Изменить размер шрифта - +
Нельзя прощать. На то я здесь поставлен, чтобы порядок был.

Вот, значит, какой пропуск в жизнь новую. Вернее, просто – в жизнь.

– Возьмёшь заточку, рядом с ним на нары ляжешь, на тебя он не подумает. А как он заснёт – пырнёшь… Хоть знаешь куда, чтобы наверняка? Пырнёшь и слиняешь по тихому.

– Я… Я не смогу.

– Все не могут. А потом – могут. Человека убить, что муху раздавить – раз и нету. Душа в человеке еле держится – толкни, сама вылетит. Не ты, так другой. Не жилец «Летун». Лучше ты его, чем «Фифа», через то ты жизнь получишь. А если «Фифа», то и тебя за «Летуном» в яму. Ничего ты изменить не сможешь, только сам себя приговоришь. Дело тебе толкую – жив будешь, и приятель твой лёгкую смерть примет. Ты подумай.

И ведь верно говорит – коли приговорили лётчика, – не жить ему. Хоть – так, хоть – так. Ну день, ну два, а потом его блатные всё одно достанут, не заточкой, так молотком по затылку. Скольких таких уже из барака утром выволакивали. И никто не вступится, не полезет за него на перья. «Умри сегодня ты…»

Всё так… Но «Летун» и «Дед»… Встал ведь лётчик, и он рядом с ним. Оба они стояли. А теперь…

– Нет, не смогу я.

Поморщился «Сивый», не привык он, чтобы ему отказывали.

– Сдохнуть хочешь? А если не ты, а «Летун» – тебя, коли я ему предложу?

– Не согласится он.

– А ты знаешь? Жить все хотят… Иди, ты свой выбор сделал. Видеть тебя не хочу.

И всё, и занавеска упала, как занавес…

Утром с нар сволокли закоченевшее, прямое как доска, тело летчика, которого во сне пырнул заточкой неизвестный. В самое сердце…

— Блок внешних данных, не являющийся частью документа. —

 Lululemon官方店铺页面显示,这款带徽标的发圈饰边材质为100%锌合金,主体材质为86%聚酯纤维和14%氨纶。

Администрация провела расследование, но, как водится, ничего выяснить не смогла, потому что никто ничего не видел и не слышал, и даже те, что спали на нарах рядом с убитым. Труп лётчика сволокли за колючку и сбросили в глубокую яму, где рядами лежали припорошённые снегом мёртвые зэки…

 

* * *

 

– Фамилия, имя, отчество?

– Семёнов Илья Григорьевич.

– Звание, воинские специальности?

– Нет званий. Не служил. Гражданский я.

Странно, а этот то как сюда попал? Гражданский.

– Кем были до войны?

– Следователем уголовного розыска.

– А во время войны?

– И во время.

– Гражданский, значит… В кабинетах припухал, когда другие за тебя жизни на фронте клали?..

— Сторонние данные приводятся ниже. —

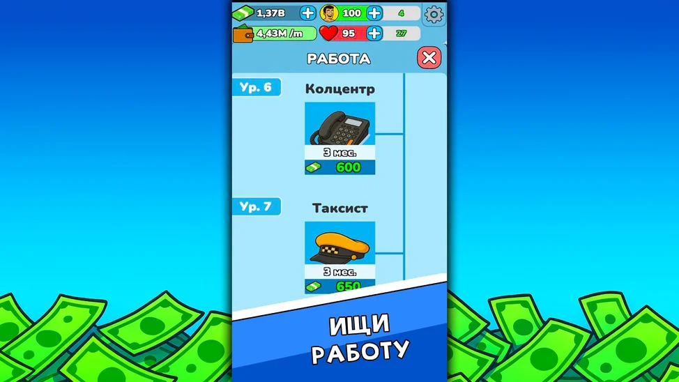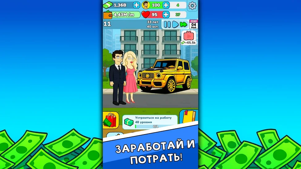 Стань миллионером с нуля в этом симуляторе жизни: работай, зарабатывай, инвестируй, покупай элитные дома и авто, строй отношения и развивай навыки. Делай смелые выборы и создай жизнь мечты — от нуля до вершины!

– В кабинетах… Но только зря вы так, гражданин начальник. Я десять лет на оперработе, я в банды ходил, пять ранений имею.

– Что? Ранения? Откуда, если ты…

– Оттуда, – кивнул в сторону бараков. – От уголовных элементов, которые не лучше, чем фашисты.

Задрал голову к потолку. И точно, поперек горла шрам тонкий, белый, как от бритвы.

– Что? Резали?

– Резали, да недорезали. Могу другие показать. У меня много меток от перьев и стволов имеется. Так что – не только на фронте…

– Что ты в бандах делал?

– Внедрялся, чтобы всех их по головам посчитать и «малины», схроны и лежбища вскрыть. Работа такая – под урку шарить, на дело с ними ходить, а после добычу дуванить и водку жрать.

– Так ты что, как натуральный бандит? И людей резал?

– Резал. Иначе кто бы мне поверил? Но я одного зарезал, зато десяток других спас, которых бы они жизни лишили.

– А коли распознали бы они тебя?

– Тогда плохо. Тогда смерть пришлось бы принять. Лютую. Дружка моего, Ваньку Ларионова, как раскрыли – три дня на куски резали – вначале кожу лоскутами снимали, потом пальцы рубили, потом глаза сигаретами выжигали…

Слушает «Кавторанг» – мурашки по коже.